James Grove (Jim) Fulton (March 1, 1903 – October 6, 1971) was an American politician who served as a member of the U.S. House of Representatives from Pennsylvania from 1945 to 1971.

Early life and education
James G. Fulton was born in Dormont, Pennsylvania.  He attended the Fine Arts Department of the Carnegie Institute of Technology in Pittsburgh, Pennsylvania, and graduated from Pennsylvania State College at State College, Pennsylvania in 1924 and from Harvard Law School as a Doctor of Laws in 1927.  He was a member of the Allegheny County Board of Law Examiners from 1934 to 1942.  He served in the Pennsylvania State Senate in 1939 and 1940.  He was solicitor for Dormont Borough in 1942.  He worked as publisher of the Mount Lebanon News and several other newspapers.  He was a member of the American Judicature Society, United World Federalists, American Legion and Veterans of Foreign Wars.

Military service
During the Second World War he enlisted in the United States Naval Reserve in 1942 and served in the South Pacific as a lieutenant until discharged in 1945.

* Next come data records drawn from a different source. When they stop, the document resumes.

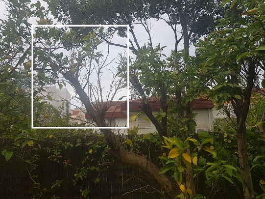 עץ תפוז בוגר התחיל להתייבש בצידו האחד. שאר חלקי העץ בריאים ומלבלבים.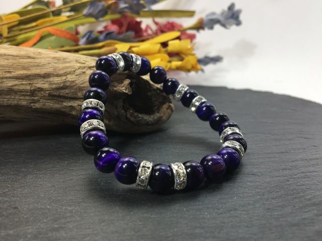 > パワーストーン ブレスレット パープルタイガーアイ (ロンデル:シルバー) 8mm 開運 浄化 金運 仕事運 効果 レディース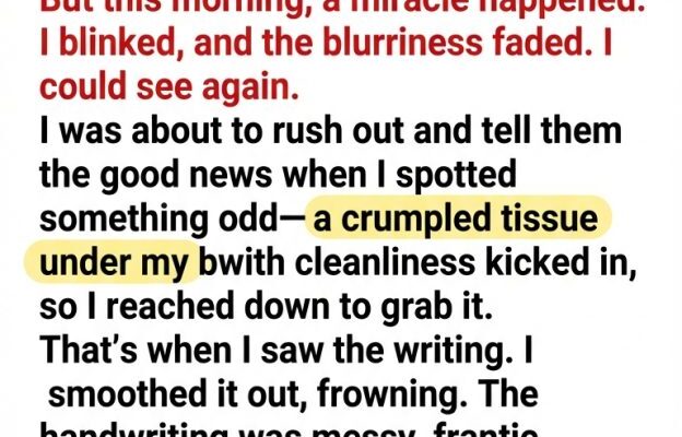 I was about to rush out and tell them the good news when I spotted something odd—a crumpled tissue under my bed. My obsession with cleanliness kicked in, so I reached down to grab it. That’s when I saw the writing.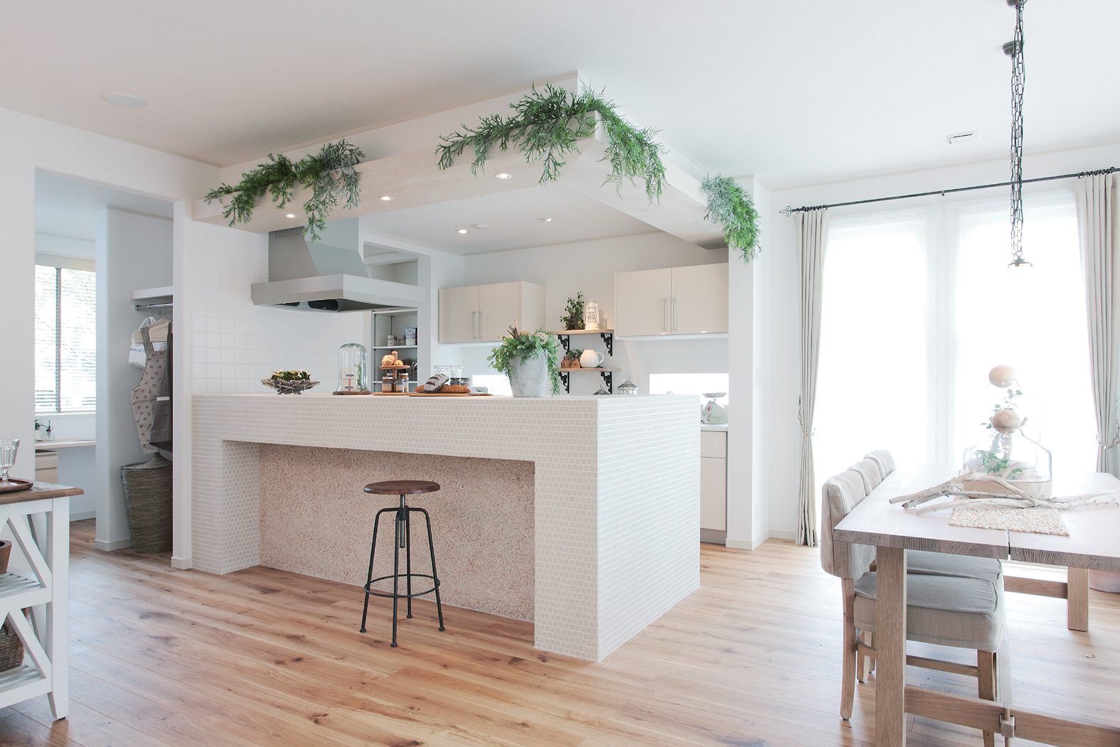 フレンチカントリーをテーマに、モザイクタイルやグリーン、化粧梁など、素材感にこだわりました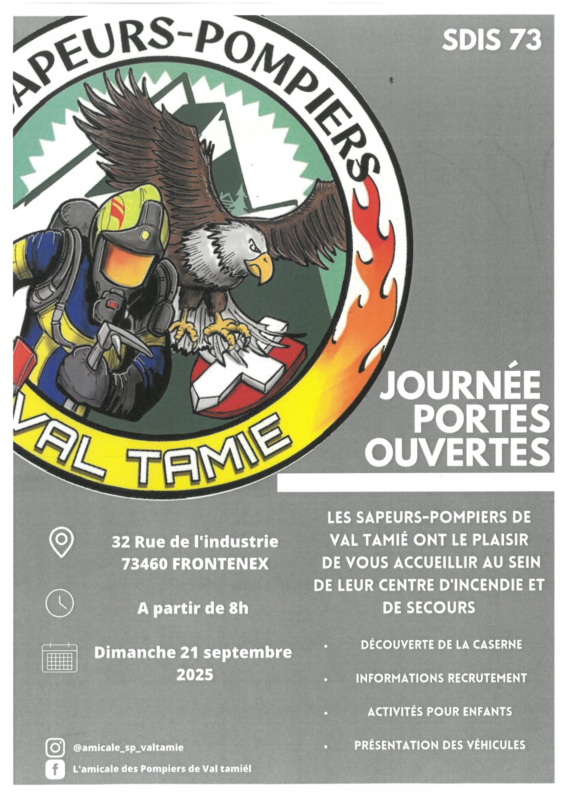 Le dimanche 21 septembre 2025, à partir de 8h, les sapeurs-pompiers de val Tamié vous accueillent à la caserne, 32 rue de l’Industrie à Frontenex. Au programme : découverte de la caserne, informations recrutement, activités pour les enfants et présentation des véhicules.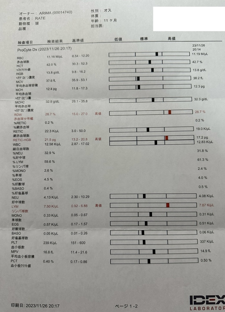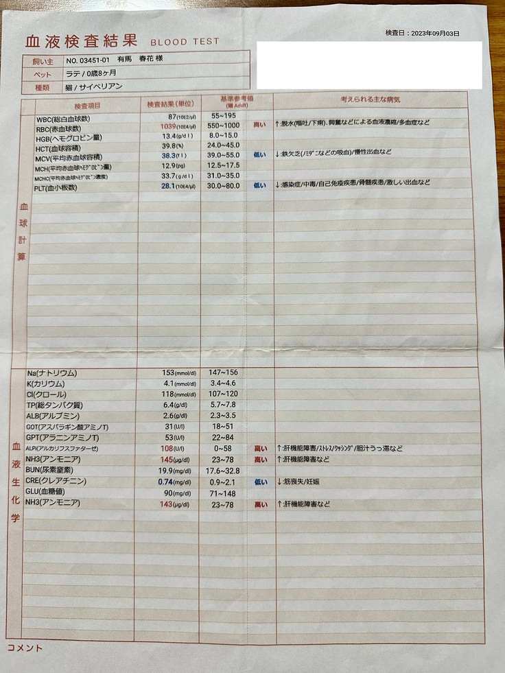 8ヶ月過ぎてから去勢手術の為、血液検査をするとアンモニア数値が高く、ラテは停留睾丸の為、開腹手術を行わないといけないので麻酔をかけれないと言われ去勢は中断し数値を下げる薬を服用。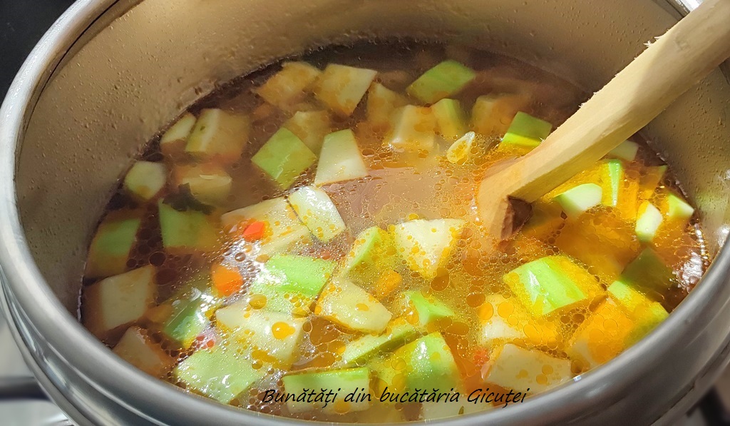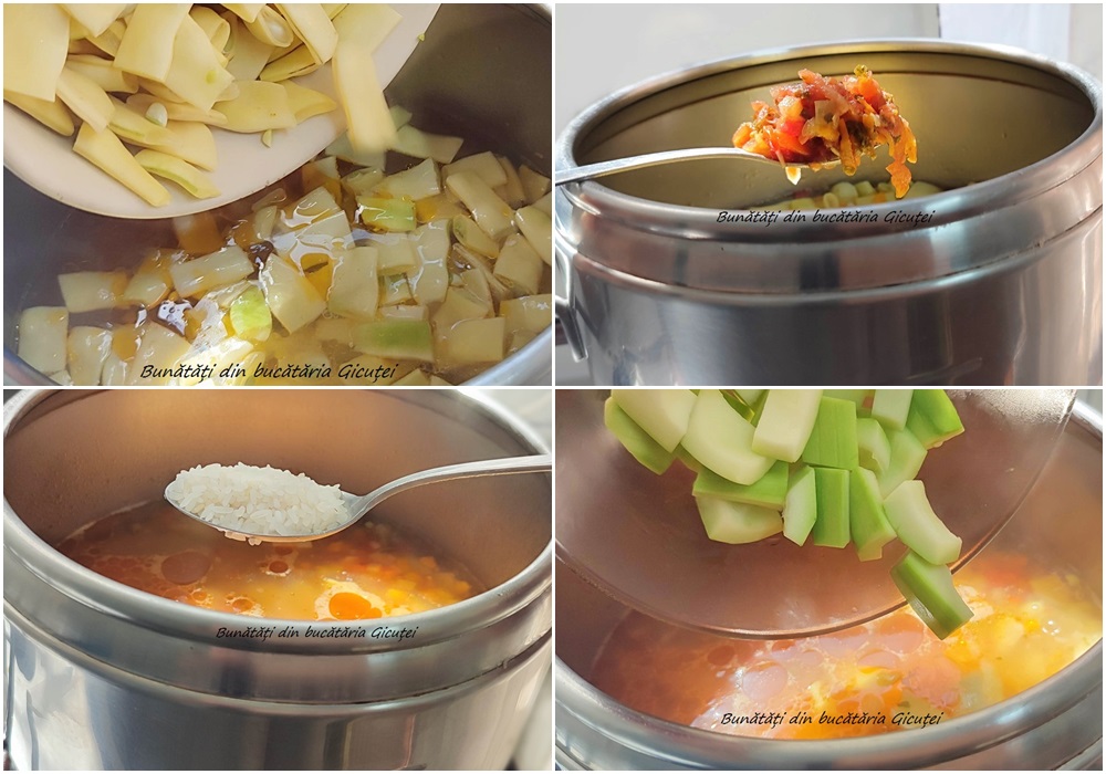 Cand sunt putin patrunse adaugam fasolea galbena. Dupa cca 10 minute punem zarzavatul pentru ciorbe si orezul. Zarzavatul pentru ciorbe se poate inlocui cu o cana cu suc de rosii sau 2-3 rosii bine copate, decojite si taiate cubulete sau date pe razatoarea mare. Cand orezul se inmoaie putin adaugam si bucatile de dovlecel si lasam sa fiarba pana orezul si toate legumele sunt bine patrunse. Daca apa scade prea mult mai putem completa cu apa fierbinte.

United States House of Representatives

In 1944, while still in the service, Fulton was elected as a Republican to the 79th United States Congress, and reelected to the 13 succeeding Congresses, serving from January 3, 1945, until his death from a heart attack in Washington, D.C. on October 6, 1971.  While in Congress he was delegated to the United Nations Conference on Trade and Employment at Havana in 1947 and 1948, and to the 14th General Assembly of United Nations in 1959.  He was a delegate to 1956 Republican National Convention.  In addition he served as an adviser on space to the United States Mission at the United Nations from 1960 to 1969. Fulton voted in favor of the Civil Rights Acts of 1957, 1960, 1964, and 1968, as well as the 24th Amendment to the U.S. Constitution and the Voting Rights Act of 1965.

Space Shuttle
Fulton is credited with saving the Space Shuttle program.  After a heart attack in 1970, Fulton emerged from an ambulance to propose a compromise that eventually saved the funding for the program.

Legacy
He died of a heart attack on October 6, 1971 in Washington, D.C.  He is buried in Mt. Lebanon Cemetery in Pittsburgh, Pennsylvania.

As a memorial to Fulton, the Pittsburgh Foundation has created The James G. Fulton Legislative Internship Program in his honor.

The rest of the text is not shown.